To determine the cutoff point for surgical bleeding as a predictor of mortality in our population an ROC curve was developed, which is presented in Figure 1. The developed multivariate regression model to predict mortality was controlled by age, sex, and intracranial involvement. Within the regression model in the general population, the associated predictors of mortality, which acquired statistical significance, corresponded to Motor Vehicle Accident (p = 0.001, aOR = 7.78, 95% CI 2.29–26.49), Frontonasal Duct Obstruction (p = 0.01, aOR = 6.39, 95% CI 1.56–26.18), Neuroinfection (p = 0.04, aOR = 6.97, 95% CI 1.10–44.31), GCS at Admission (p = < 0.001, aOR = 1.48, 95% CI 1.20–1.83), and GCS at Discharge (p = <.001, aOR = 1.63, 95% CI 1.30–2.06).
Alternatively, in the regression model which included the population which underwent surgical intervention, the associated predictors of mortality, which acquired statistical significance, corresponded to Motor Vehicle Accident (p = 0.002, aOR = 9.36, 95% CI 2.23–39.29), Bilateral Frontal Craniotomy (p = 0.02, aOR = 5.37, 95% CI 1.29–22.32), Surgical Bleeding ≥ than 475 cc (p = 0.03, aOR = 5.69, 95% CI 1.25–25.98), Neuroinfection (p = 0.04, aOR = 6.87, 95% CI 1.08–43.67), GCS at Admission (p = 0.005, aOR = 1.42, 95% CI1.11–1.80), and GCS at Discharge (p = 0.001, aOR = 1.63, 95%CI 1.21–2.19).

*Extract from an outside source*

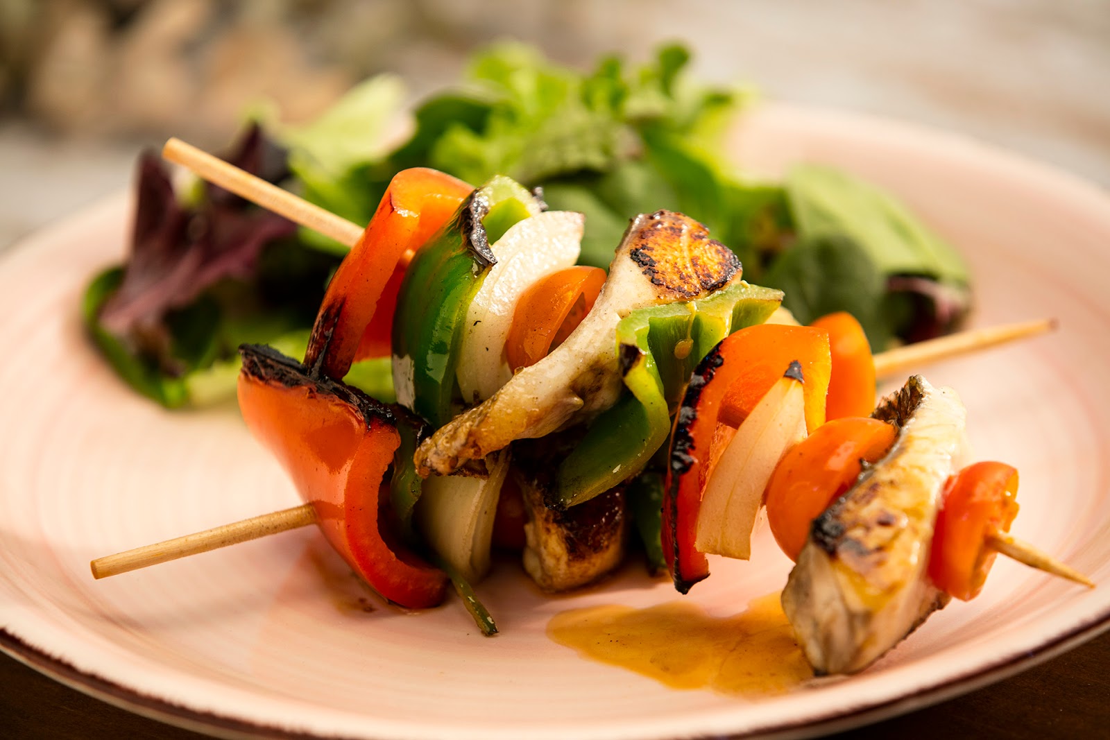 9. Al usar verduras, cortarlas finas o meterlas en la barbacoa antes que el pescado, ya que tardan más en estar al punto. Se puede acompañar de pipirrana fresca con tomates, pimientos verdes, pepinos y cebollas de temporada.

The complete information of the multivariate regression models performed is displayed in Figure 2.

Discussion

The results found in this study were consistent in comparison to similar retrospective studies and current scientific literature that have focused on frontal sinus fracture. Available literature suggests that this type of fracture presents in males with more frequency than females. In our study, male population represented more than 85% of our sample, which is a similar male prevalence reported by Stephen et al. [13] in 2005, with 88% of males. Likewise, other similar studies report a male prevalence of more than 70% [13,14,15,16,17].Our study also reported an age average of 32.95 ± 14.48 years, which is slightly lower than the reported age average in American literature, where the 35–45-year-old age group corresponded to the most affected [16].

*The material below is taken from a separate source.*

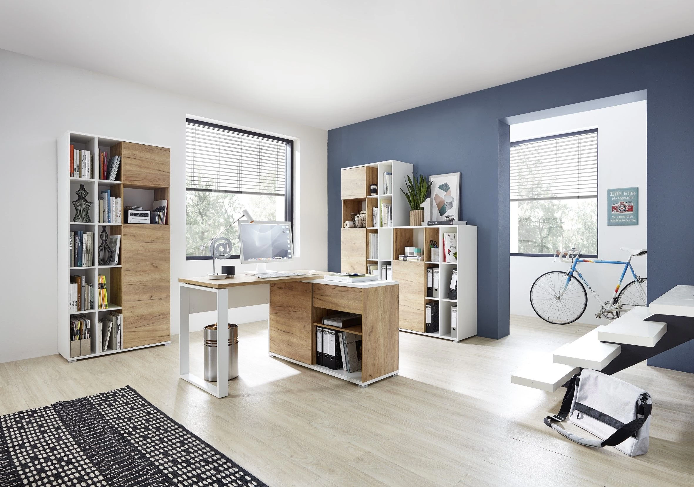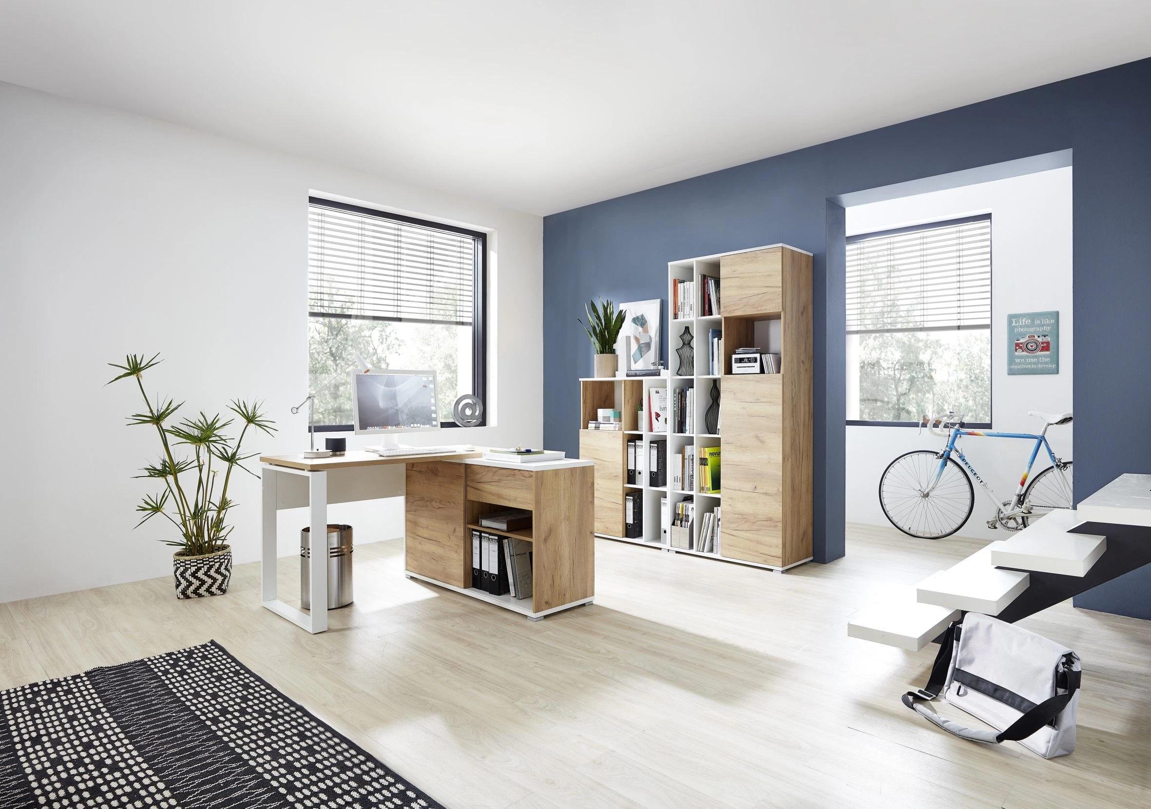 Les armoires Lloris sont le choix parfait pour ceux qui souhaitent un bureau à domicile moderne et scandinave offrant suffisamment d’espace de rangement. Le design est double : une structure blanche combinée à une porte d’armoire et des accents en décor chêne. Cette combinaison est non seulement belle, mais aussi extrêmement fonctionnelle. L’espace de rangement est infini, avec un total de sept compartiments ouverts et deux compartiments fermés derrière la porte. La porte tournante est également équipée d’un système de push-to-open qui permet de ranger proprement vos documents confidentiels. L’unité est fabriquée à partir de panneaux de particules de haute qualité et recouverte d’un revêtement en mélamine. Avec les bords en ABS, cela en fait une unité robuste. Découvrez également les autres meubles de la collection Lloris sur notre site.

The most common mechanism of trauma within our population was blunt trauma by direct assault, which differs from other centers most common mechanism, as reported by Torres-Criollo et al. [17] in 2020. This inconsistency in the type of mechanism with reported literature may be associated to exclusive evaluation and report of depressed skull fractures within the population of the previous study.

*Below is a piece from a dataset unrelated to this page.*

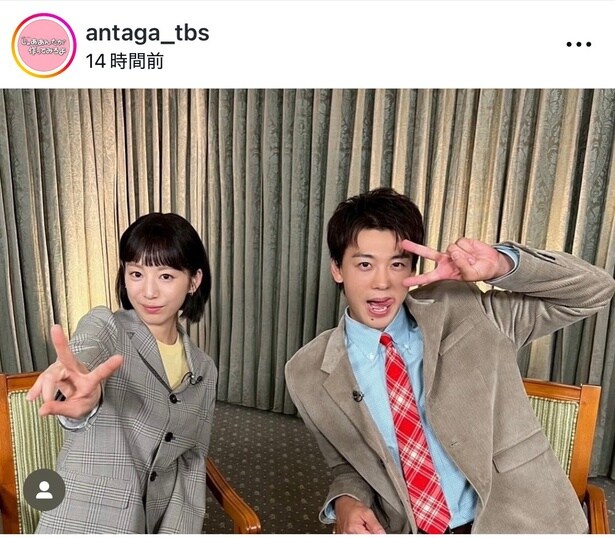 この日公式Instagramは「明日はみんなテレビの前から離れられないよ」というコメントとともに竹内と夏帆の写真を投稿。竹内は舌をぺろりと出してピースポーズをする一方で、夏帆は笑顔で大きくピースを前に突き出している。

Furthermore, infection has been established as the most common complication associated with this type of fracture, while neuroinfection is the most feared associated complication. Loannides et al. [18] reported a similar percentage of neuroinfection as in our population, although neuroinfection rate has been estimated to develop in, approximately, 6% of patients with this condition [18,19].
Swinson et al. [20] propose that the materials utilized within the surgical intervention for correction of structural defects produced by trauma may vary according to surgeons and centers preference and availability but emphasizing that bone grafting should be preferred over other types of materials. In our center, similar to Owens et al. [21] autologous pericranial grafting was the most used material for correction of structural defects. The usage of this material is preferred within our center because of the absence of economic resources and additional materials.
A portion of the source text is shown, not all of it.